Evaluations, flexible benefits discussed by Senate Assembly

Editor’s Note: The following is a summary of the April 18 Senate Assembly meeting.

By Mary Jo Frank

Evaluation of deans proceeding

Thirty percent of the 1,549 dean evaluation forms sent in late March to faculty in the School of Business Administration, College of Engineering, LS&A, School of Music and the College of Pharmacy have been returned to the Faculty Senate office. April 15 was the deadline.

Senate Assembly Chair Henry Griffin reported that the 467 responses have been coded and sorted by school and soon will be tabulated.

The evaluation forms were sent to all professors, associate and assistant professors, research scientists, associate and assistant research scientists, and some librarians in the five schools and colleges whose deans are being evaluated.

The response rates for the schools and colleges are:

Business Administration, 34 percent;

Engineering, 43 percent;

LS&A, 24 percent;

Music, 39 percent;

Pharmacy, 18 percent.

Faculty adopt plan to improve communication

The Assembly voted to endorse and implement a proposal to create Unit Governance Committee Groups (UGCG) to improve faculty communication.

The plan calls for each school and college to form a UGCG made up of Senate Assembly representatives and members of the school or college executive committee to enhance communication among faculty. Smaller schools and colleges could form their own governance group or join together with other schools to form a combined governance group.

The USCG, which would meet two to four times per year, would be linked electronically to faculty in the school or college. The USCG would serve as a conduit for getting information to the faculty and for communicating faculty members’ thoughts to the Senate Advisory Committee on University Affairs (SACUA) and administrators, according to the plan.

Budget Study Committee will tackle capital budgets

The Assembly’s Budget Study Committee’s next project will be to study the University’s capital budgets to determine to what extent the building program is meeting the needs of students, reported Wilfred Kaplan, committee chair.

Kaplan said the committee also plans to look at all the budgets connected with the medical-hospital area, including the profit-making parts of the budget: the hospital, medical service plans and M-CARE.

The committee’s first report, completed in February, looked at the “steady rapid growth in University income and expenses in recent years,” Kaplan said. That report concluded that expanding administrative costs are one reason for the acceleration in costs in constant dollars.

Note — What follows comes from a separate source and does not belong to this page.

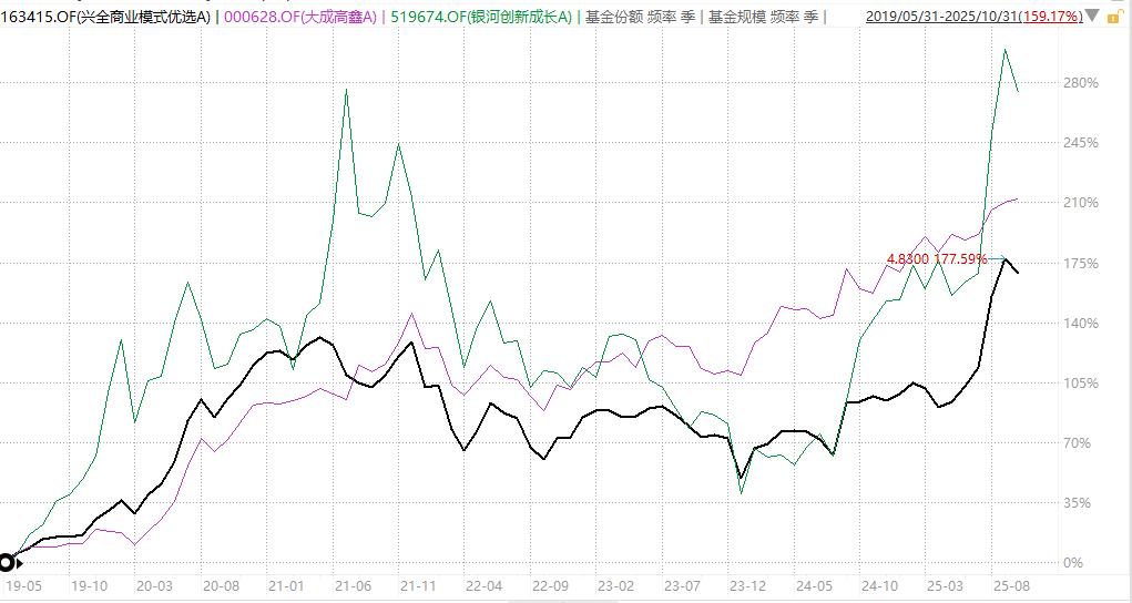 相较于郑巍山管理银河创新成长A时间达6年多,刘旭管理大成高鑫A有10年,此次跑出了34%超额收益的兴全商业模式优选A的基金经理乔迁,管理时间为7年多。在7年多里,兴全商业模式优选A的任职总回报为203.42%,任职年化回报为16.11%,超越基准167.08%。

“What is missing, both on the part of the administration and on the part of the faculty leadership,” Kaplan said, “is the recognition that the consequences of the growth are very serious.”

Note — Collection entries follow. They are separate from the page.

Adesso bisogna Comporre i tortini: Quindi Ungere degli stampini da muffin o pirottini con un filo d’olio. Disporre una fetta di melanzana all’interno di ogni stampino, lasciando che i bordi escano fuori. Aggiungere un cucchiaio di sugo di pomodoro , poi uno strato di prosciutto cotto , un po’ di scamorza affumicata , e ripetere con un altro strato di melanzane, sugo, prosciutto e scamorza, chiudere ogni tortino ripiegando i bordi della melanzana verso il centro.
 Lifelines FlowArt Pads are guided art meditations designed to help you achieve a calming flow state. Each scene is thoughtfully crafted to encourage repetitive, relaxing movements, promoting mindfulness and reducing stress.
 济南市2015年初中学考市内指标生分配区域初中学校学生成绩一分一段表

Student Affairs slated for evaluation

Vice President for Student Affairs Maureen A. Hartford briefed Assembly members on an evaluation process that has begun in that division.

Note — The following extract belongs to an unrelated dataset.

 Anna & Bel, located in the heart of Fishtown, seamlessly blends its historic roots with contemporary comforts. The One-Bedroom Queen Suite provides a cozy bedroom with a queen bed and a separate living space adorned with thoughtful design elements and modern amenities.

Student Affairs is the next vice presidential area scheduled to be evaluated by Senate Assembly.

Noting that Student Affairs has 1,251 full-time employees and 2,000 part-time employees (students who work primarily in Housing and Food Services), Hartford predicted it would take 18–24 months for the faculty to do a detailed review of the total unit.

Other possibilities she suggested Assembly members consider: evaluate one or two units within the division or involve Assembly members in the division’s current internal evaluation, which is based on guidelines drawn up by a student affairs professional organization.

Flexible benefits unlikely to go into effect before January 1996

“It is unlikely a flexible benefits program can be implemented earlier than January 1996,” Griffin told Assembly members. This would allow time to work out the details.

Griffin reported that when SACUA met with a faculty subcommittee studying flexible benefits and representatives of the University’s Flexible Benefits Advisory Committee, SACUA was told that the committee’s recommendations would be coming out shortly and that the committee would likely encourage the University to move toward a program of flexible benefits.